- WORK REQUIRED -
Each line of the data must be given back verbatim, with pictures removed.

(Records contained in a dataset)

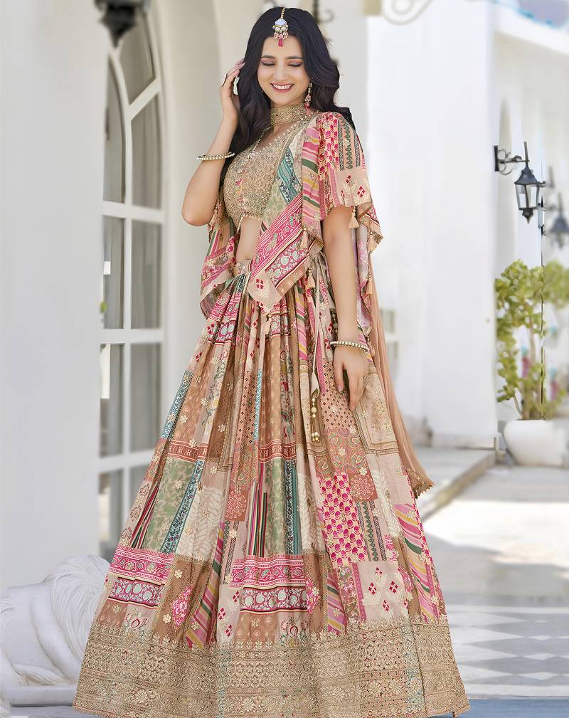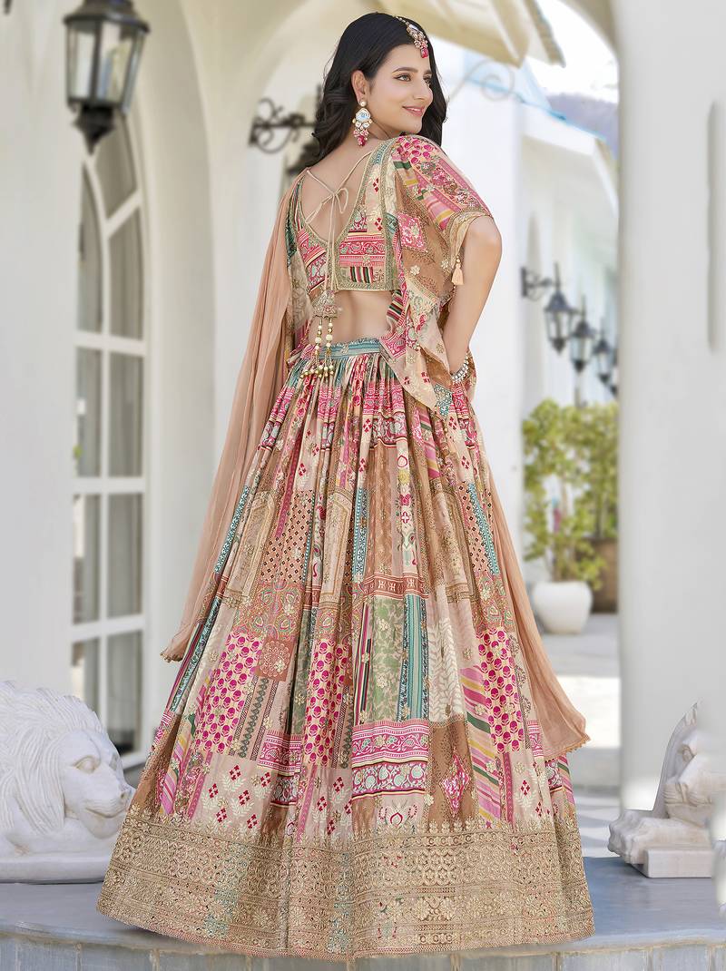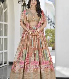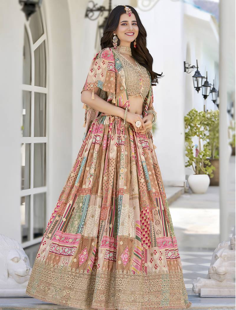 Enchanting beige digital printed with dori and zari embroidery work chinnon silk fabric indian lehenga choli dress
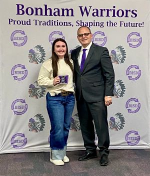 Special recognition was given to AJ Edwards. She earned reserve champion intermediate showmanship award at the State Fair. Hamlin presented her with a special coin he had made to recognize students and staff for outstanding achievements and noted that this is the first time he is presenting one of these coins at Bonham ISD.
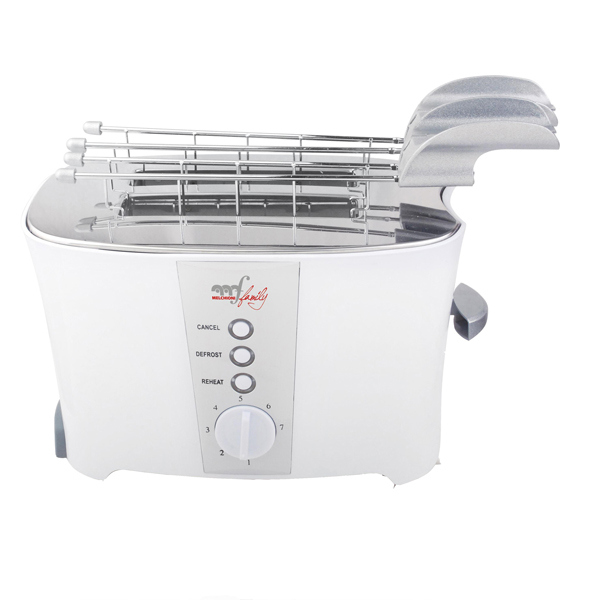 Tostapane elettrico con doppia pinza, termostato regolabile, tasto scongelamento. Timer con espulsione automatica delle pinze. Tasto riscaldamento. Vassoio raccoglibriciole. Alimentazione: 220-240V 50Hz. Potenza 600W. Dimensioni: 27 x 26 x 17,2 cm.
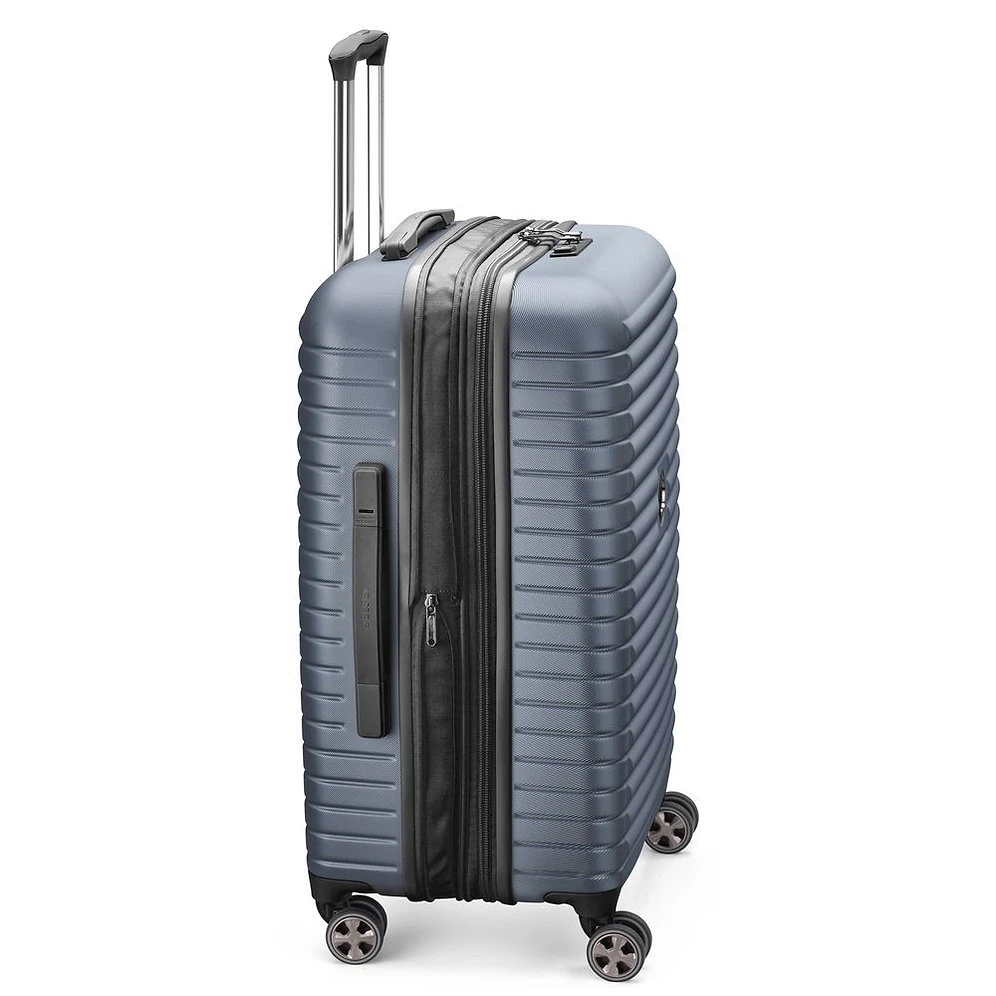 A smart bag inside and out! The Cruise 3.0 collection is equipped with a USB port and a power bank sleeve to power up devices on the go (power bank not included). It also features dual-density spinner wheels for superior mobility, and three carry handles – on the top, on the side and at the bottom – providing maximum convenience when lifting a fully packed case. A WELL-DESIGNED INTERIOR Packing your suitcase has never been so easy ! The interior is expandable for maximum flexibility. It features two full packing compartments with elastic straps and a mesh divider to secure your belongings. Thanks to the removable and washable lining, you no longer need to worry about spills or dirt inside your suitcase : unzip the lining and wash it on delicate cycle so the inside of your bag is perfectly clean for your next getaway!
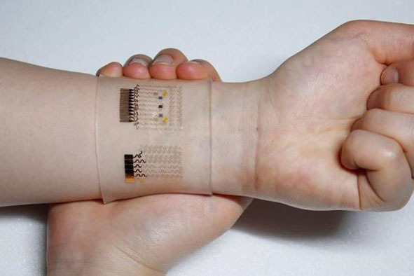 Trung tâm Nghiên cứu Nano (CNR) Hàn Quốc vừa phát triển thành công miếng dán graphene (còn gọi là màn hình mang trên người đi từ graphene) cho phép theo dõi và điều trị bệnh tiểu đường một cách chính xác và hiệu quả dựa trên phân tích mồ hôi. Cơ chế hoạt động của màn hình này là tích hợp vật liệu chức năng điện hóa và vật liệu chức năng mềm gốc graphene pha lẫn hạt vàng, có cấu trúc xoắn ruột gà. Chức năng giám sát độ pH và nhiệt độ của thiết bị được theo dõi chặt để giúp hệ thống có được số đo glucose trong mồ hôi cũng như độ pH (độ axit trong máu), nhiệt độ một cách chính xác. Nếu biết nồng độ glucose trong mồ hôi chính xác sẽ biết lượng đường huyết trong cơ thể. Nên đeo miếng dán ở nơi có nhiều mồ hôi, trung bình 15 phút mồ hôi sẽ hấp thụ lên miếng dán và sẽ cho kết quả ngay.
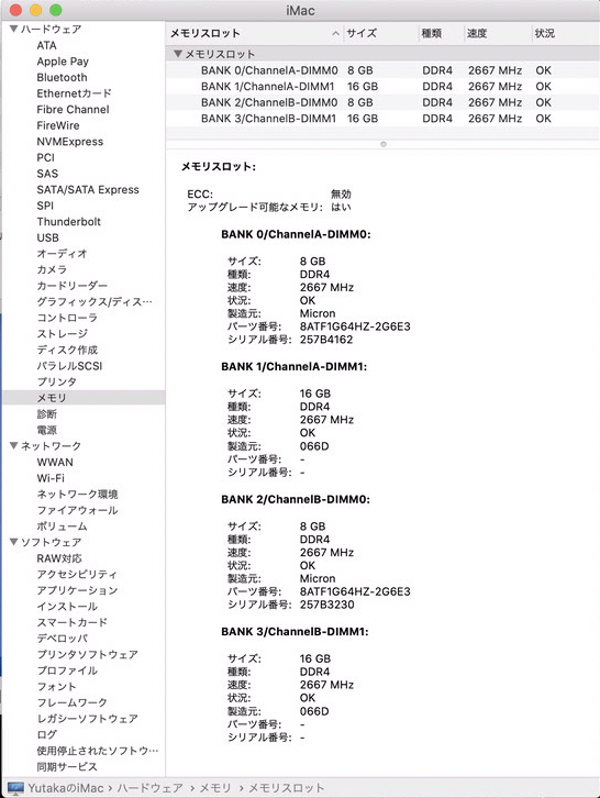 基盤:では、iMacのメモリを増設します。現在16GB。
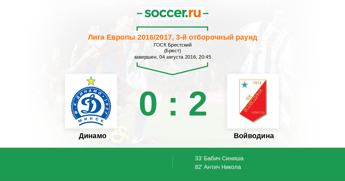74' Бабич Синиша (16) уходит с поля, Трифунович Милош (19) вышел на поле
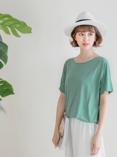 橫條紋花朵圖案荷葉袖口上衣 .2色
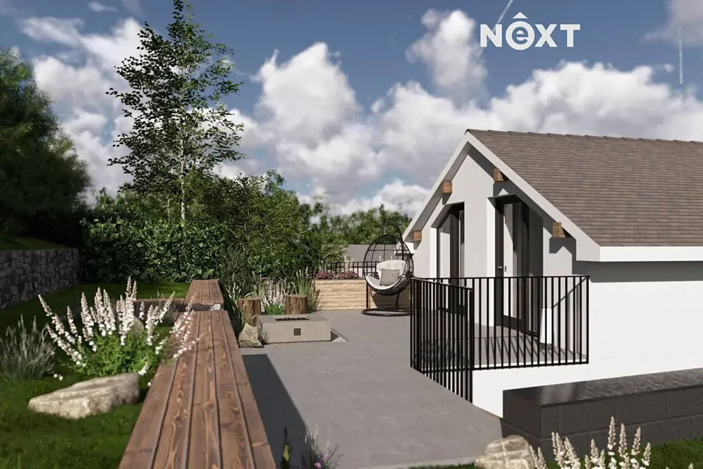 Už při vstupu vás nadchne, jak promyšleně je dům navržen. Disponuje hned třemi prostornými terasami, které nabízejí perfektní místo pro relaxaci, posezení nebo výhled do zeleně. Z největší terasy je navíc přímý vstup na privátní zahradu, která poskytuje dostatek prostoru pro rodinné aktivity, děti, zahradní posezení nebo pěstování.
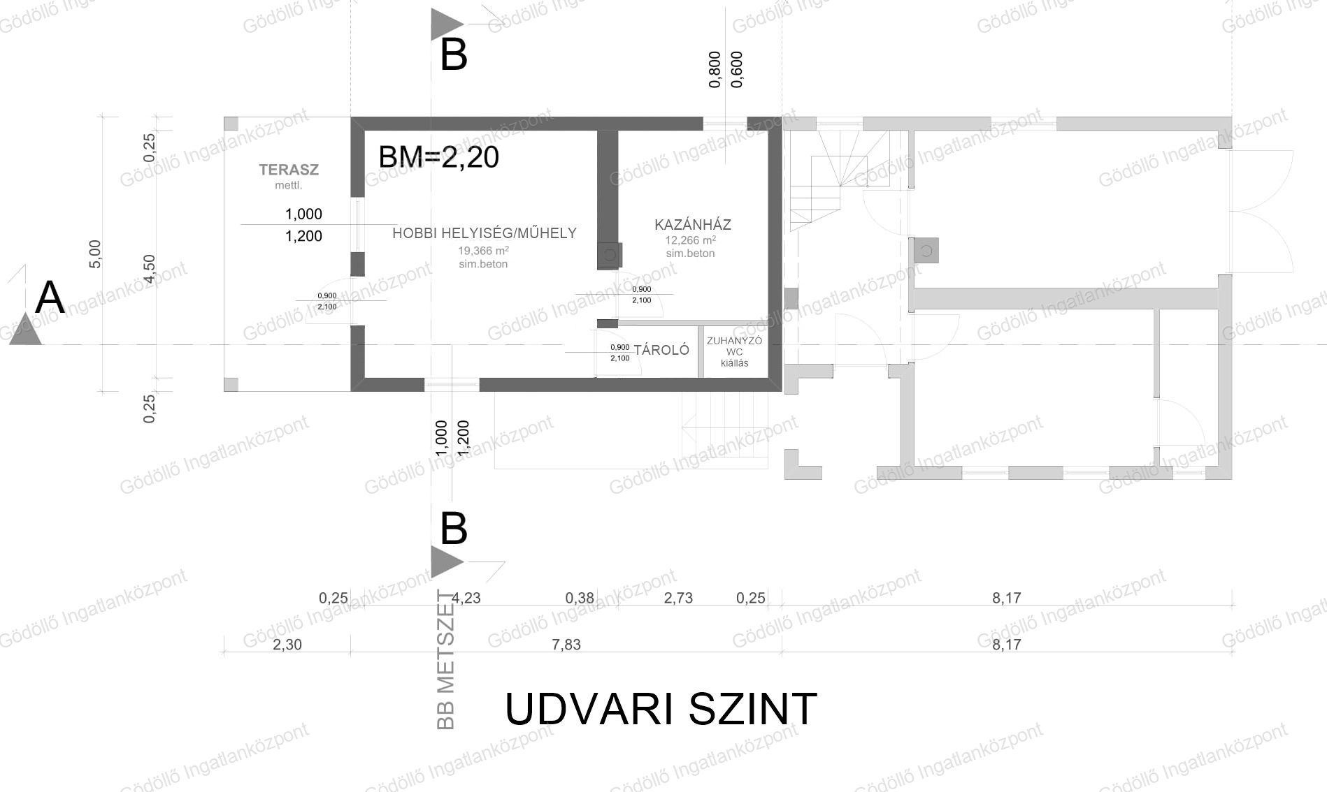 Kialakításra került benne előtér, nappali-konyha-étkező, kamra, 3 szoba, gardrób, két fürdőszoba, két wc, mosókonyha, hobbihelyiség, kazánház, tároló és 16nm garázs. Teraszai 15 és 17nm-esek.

- PROBLEM SOLUTION -
 Enchanting beige digital printed with dori and zari embroidery work chinnon silk fabric indian lehenga choli dress
 Special recognition was given to AJ Edwards. She earned reserve champion intermediate showmanship award at the State Fair. Hamlin presented her with a special coin he had made to recognize students and staff for outstanding achievements and noted that this is the first time he is presenting one of these coins at Bonham ISD.
 Tostapane elettrico con doppia pinza, termostato regolabile, tasto scongelamento. Timer con espulsione automatica delle pinze. Tasto riscaldamento. Vassoio raccoglibriciole. Alimentazione: 220-240V 50Hz. Potenza 600W. Dimensioni: 27 x 26 x 17,2 cm.
 A smart bag inside and out! The Cruise 3.0 collection is equipped with a USB port and a power bank sleeve to power up devices on the go (power bank not included). It also features dual-density spinner wheels for superior mobility, and three carry handles – on the top, on the side and at the bottom – providing maximum convenience when lifting a fully packed case. A WELL-DESIGNED INTERIOR Packing your suitcase has never been so easy ! The interior is expandable for maximum flexibility. It features two full packing compartments with elastic straps and a mesh divider to secure your belongings. Thanks to the removable and washable lining, you no longer need to worry about spills or dirt inside your suitcase : unzip the lining and wash it on delicate cycle so the inside of your bag is perfectly clean for your next getaway!
 Trung tâm Nghiên cứu Nano (CNR) Hàn Quốc vừa phát triển thành công miếng dán graphene (còn gọi là màn hình mang trên người đi từ graphene) cho phép theo dõi và điều trị bệnh tiểu đường một cách chính xác và hiệu quả dựa trên phân tích mồ hôi. Cơ chế hoạt động của màn hình này là tích hợp vật liệu chức năng điện hóa và vật liệu chức năng mềm gốc graphene pha lẫn hạt vàng, có cấu trúc xoắn ruột gà. Chức năng giám sát độ pH và nhiệt độ của thiết bị được theo dõi chặt để giúp hệ thống có được số đo glucose trong mồ hôi cũng như độ pH (độ axit trong máu), nhiệt độ một cách chính xác. Nếu biết nồng độ glucose trong mồ hôi chính xác sẽ biết lượng đường huyết trong cơ thể. Nên đeo miếng dán ở nơi có nhiều mồ hôi, trung bình 15 phút mồ hôi sẽ hấp thụ lên miếng dán và sẽ cho kết quả ngay.
 基盤:では、iMacのメモリを増設します。現在16GB。
74' Бабич Синиша (16) уходит с поля, Трифунович Милош (19) вышел на поле
 橫條紋花朵圖案荷葉袖口上衣 .2色
 Už při vstupu vás nadchne, jak promyšleně je dům navržen. Disponuje hned třemi prostornými terasami, které nabízejí perfektní místo pro relaxaci, posezení nebo výhled do zeleně. Z největší terasy je navíc přímý vstup na privátní zahradu, která poskytuje dostatek prostoru pro rodinné aktivity, děti, zahradní posezení nebo pěstování.
 Kialakításra került benne előtér, nappali-konyha-étkező, kamra, 3 szoba, gardrób, két fürdőszoba, két wc, mosókonyha, hobbihelyiség, kazánház, tároló és 16nm garázs. Teraszai 15 és 17nm-esek.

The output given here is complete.